Desenredándome (o liándome más)
No entiendo las cuerdas como fin en sí mismas (lo mismo me pasa con el dolor), sino como un medio para vivir físicamente algo abstracto, etéreo: una herramienta que permite hacer palpable la unión con alguien y/o su poder sobre mí. Aclaro desde el principio que nada pretendo decir sobre shibari, modelos, atadores y todo un mundo al que no pertenezco y que desconozco; esto es sólo un pequeño texto sobre mí, mi vivencia, mis sensaciones y una pequeña catarsis personal que me hace ilusión dejar aquí.
Ha sido un finde bonito y emocionante con Dayago por muchas cosas. Una de ellas ha sido un momento de revelación que tuve entre las cuerdas (cómo no acordarme de aquello de Pizarnik: "que tu cuerpo sea siempre un amado espacio de revelaciones") .
Generalmente me llevo más o menos bien con mi cuerpo, pero a veces tengo rachas en las que me veo peor y ahora estoy en una de esas. En este contexto, las cuerdas podrían haber sido un puñal más en mi auto-percepción y todo apuntaba a que podía ser así desde el momento inicial en que me vi desnuda y quise taparme, esconderme, desgarrarme la piel.
Las cuerdas (para mí, insisto) tienen mucho que ver con la relación con el propio cuerpo y con cómo el otro modifica esa relación y se adueña de ella. De pronto lo mío no es mío, de pronto no puedo moverme como quiero, no soy tan dueña de mí, pero a la vez soy más consciente de cada músculo, de cada imperfección, de todo lo que compone este cuerpo que a veces rechazo. Y esa dicotomía hace que mi perspectiva vaya cambiando y, tras haber cedido el control de mi cuerpo, empiece a sentirlo verdaderamente mío. Que en ese momento me guste aunque un instante antes lo aborrecía.
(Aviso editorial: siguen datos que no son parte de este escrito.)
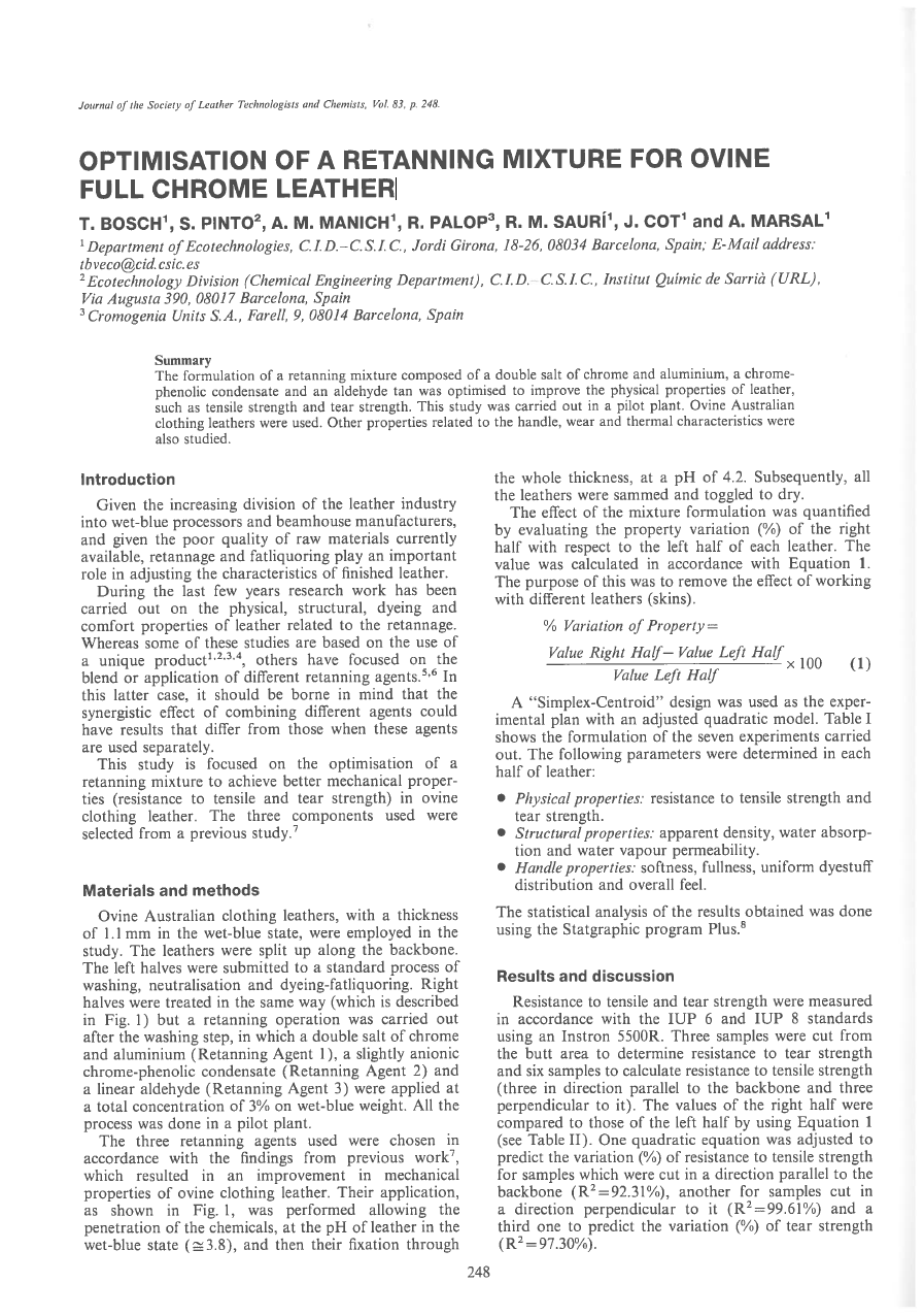 The formulation of a retanning mixture composed of a double salt of chrome and aluminium, a chrome phenolic condensate and an aldehyde tan was optimised to improve the physical properties of leather, such as tensile strength and tear strength. This study was carried out in a pilot plant. Ovine Australian clothing leathers were used. Other properties related to the handle, wear and thermal characteristics were also studied.

Vamos, que empecé sintiéndome insegura, odiando que sea este cuerpo lo que tengo para ofrecer, avergonzada por todos mis complejos, y acabé amando cada rincón de este cuerpo mío, gordo y pálido y lleno de cicatrices. Y mira que me dan mucho repelús estos mensajes de taza de Mr. Wonderful (o de azucarillo de bar) sobre amar nuestra cáscara porque sólo tenemos una y blabla, pero es que realmente lo viví así.
Y, qué narices, que me sentí muy atractiva estando atada. Eso también.
¿Cómo pasé de la inseguridad y la vergüenza a sentirme agradecida y sexy en mi indefensión? Pues no lo sé. Ayudó cómo me tocaba él, las cosas que me dijo (y cómo las dijo, lo genuinas que sonaban), cómo me miraba cuando me desató. Ayudó tener los ojos tapados por las cuerdas y poder concentrarme en lo que sentía dentro y no en el mundo de fuera. Olvidé cómo me vería el mundo y deseé verme tal y como me sentía yo, sin estética ni condicionantes. Por eso cuando me despejó los ojos le pedí que me hiciera una foto con la cámara instantánea, porque quería capturar a mi "yo" de ese momento. Lo hizo y miré a cámara. Al hacerlo, estaba mirándome a mí misma, estaba en cierto modo diciéndome "recuerda esto, te miro a ti, te veo, nos veo, estamos aquí".
Esta revelación se suma a otra vivencia reciente con alguien que también me hizo sentir muchas cosas atándome las manos, los dedos, la cabeza... disparándome la sumisión y el deseo a través de sus ataduras con una facilidad que me pilló por sorpresa. Todo ello me lleva a creer que quizá pueda empezar a construir un puente entre mi cuerpo (lo que siento) y mi mente (lo que pienso).
En fin, simplemente quiero dejar registro de que conecté conmigo de una manera extraña y preciosa y excitante. Que todo fue también gracias a él, a la confianza que se ha ganado, al vínculo que hemos construido y a estos dos años de paz. Y que siento esto como un punto de partida y quería dejarlo anotado por si algún día necesito tirar del hilo.